I guess the point of this post is really to say that I finally feel okay with both where I am, and where my mommy friends are. It might have taken a while to get here, but I have nothing but love and joy for them.

Now, fill me in on how that teething is going...

Saturday, October 1, 2011

32 Rules of Zombieland

Hubby made an excellent suggestion the other night, while I was working on a different writing project. He said, "You should write a survival guide for infertility. Like in Zombieland! Rule #1: Cardio!"

I think he is a genius, so here it goes:

Rule #1: Find your inner Jerry Lewis
You might be in this situation for a long time, so buckle in and find a way to laugh. There will be moments that are scary, ironic, ridiculous, and painful. But, if you can laugh at at least some of it, you will survive. Otherwise, they might have to get the rubber room ready.

Rule #2: Google is both friend and foe
This is a rule that applies to a variety of reasons (not just infertility), but I am telling you right now: I am a hypocrite. I never followed the advice of those who told me to stop researching infertility on the internet. It is like crack for me. I just can’t tear myself away. But, you should prepare yourself for the onslaught of information on the interwebs and know that only a small portion of it is going to be helpful. Go to the most reputable sites you can, take message boards and public forums with a grain of salt, and rely most on information from those who have been in the game for a long time or have spent $100,000 on their M.D. Well...see #3 for an exception to this rule.

Rule #3: Be a critic, interrogator, and investigator with your medical team
While you do have to have some amount of trust, you also have a brain and gut instinct. Disagreeing with a medical professional can feel as scary as sending food back at a restaurant, but every time I ignore my instincts, I regret it. Speak your mind and ask LOTS of questions.

Rule #4: Say goodbye to any modesty and “Hello, stirrups!”
You will soon know your vagina, ovaries, and uterus better than any ultrasound technician, nurse, or doctor. Get used to having people see your naughty bits, both inside and out. I used to be shy about this, but after a while, you are ready to drop your pants for anyone in a lab coat. I should start demanding dinner and a movie first.

Think of it this way, just like those people who give you a bikini wax, I am sure that they not only have seen worse, but barely look at your face anymore.

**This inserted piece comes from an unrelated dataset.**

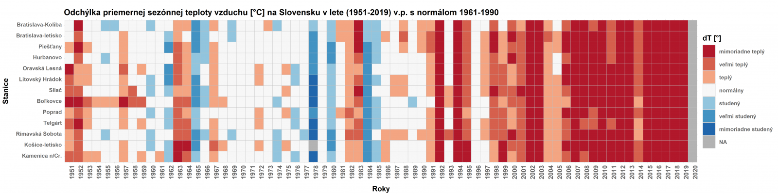 ▲ Obr. 1: Dlhodobé zmeny priemernej sezónnej teploty vzduchu v lete (vyjadrené v odchýlkach od normálu 1961-1990) na vybraných meteorologických staniciach na Slovensku (13 staníc) v období rokov 1951-2020 podľa údajov SHMÚ [obrázok nie je publikovaný v Atlase].
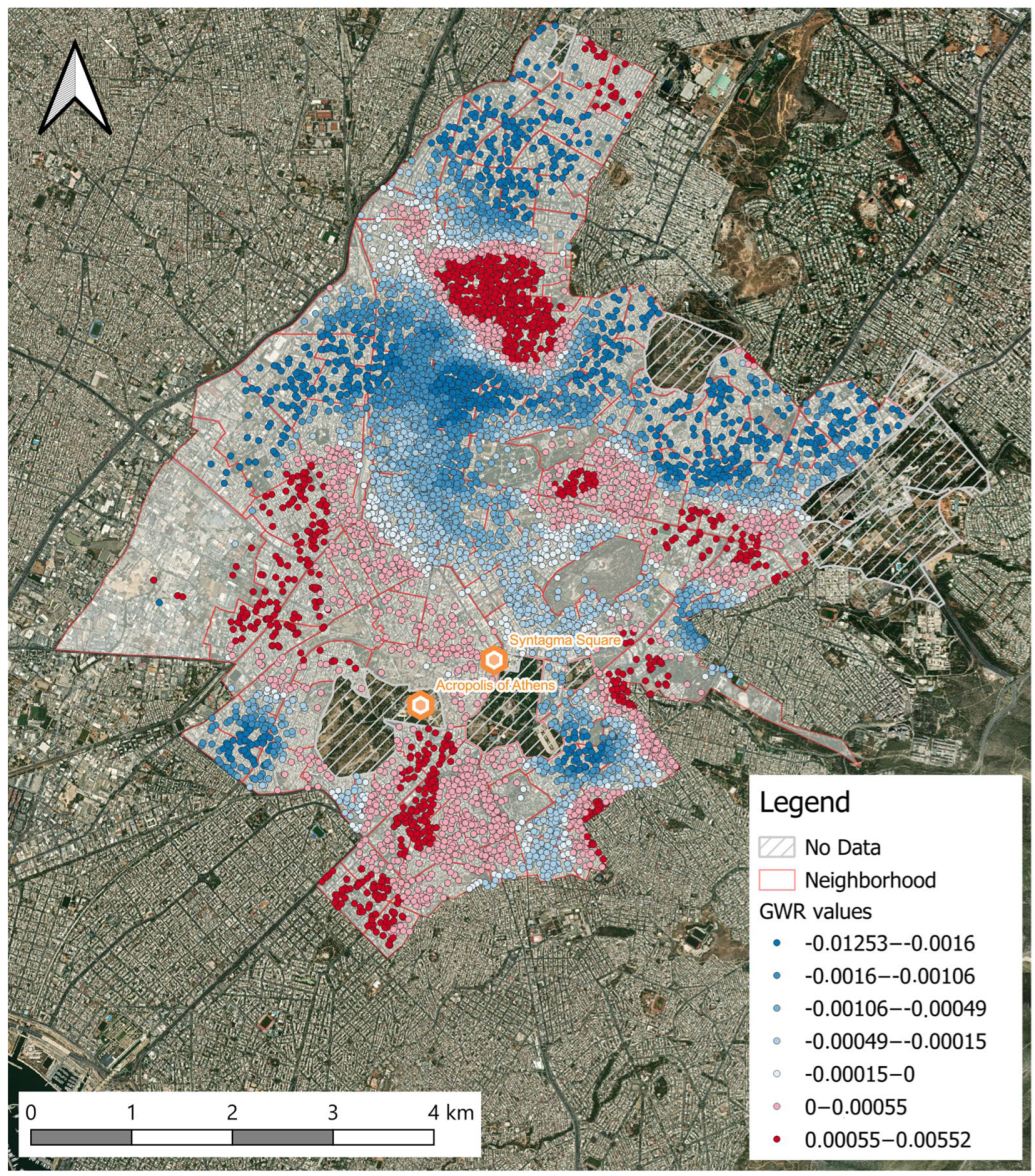 Geographically Weighted Regression (GWR) is a different spatial regression model that produces different regression equations for each feature. GWR is based on the idea that, in the case of spatially autocorrelated data, the global model does not produce accurate results for all the features engaged in the regression analysis. Therefore, GWR coefficients are not the same in the whole study region, and they are different for each location [37]. Each regression equation engages the observations falling within a bandwidth, which includes the neighboring locations. Moreover, the values of the dependent variable for the observations within the bandwidth are weighted according to their distance from the target location. The spatial differentiation of the regression coefficients in GWR is an expression of the importance of each independent variable in different locations. The maps of the regression coefficients describe the spatial variation in the impact of each variable. In addition, the values of the regression coefficients for each house can produce, through interpolation, raster surfaces to extract the regression coefficients at any location within the study region. Therefore, the value of the dependent variable can be predicted at any location, if the values for the independent variables are known.

Rule #5: Think of your plans as a yoga pose - flexible.
When you are in treatment, all of your appointments are based on cycle days and results of the medication. So, although you might have a big meeting at work, a weekend trip to the Cape, or (in my case) a lesson on clock reading scheduled, you might have to throw those plans to the wind if your follicles are growing. I mean really, wouldn't you rather be getting a blood draw than taking a conference call?

I'll be adding to this list over time. If any of my fertility challenged friends want to add to it, don't be shy!

By the way - I'm about a week of injections into this IUI cycle and things are coming along nicely. Please, for God's sake, cross your fingers for me.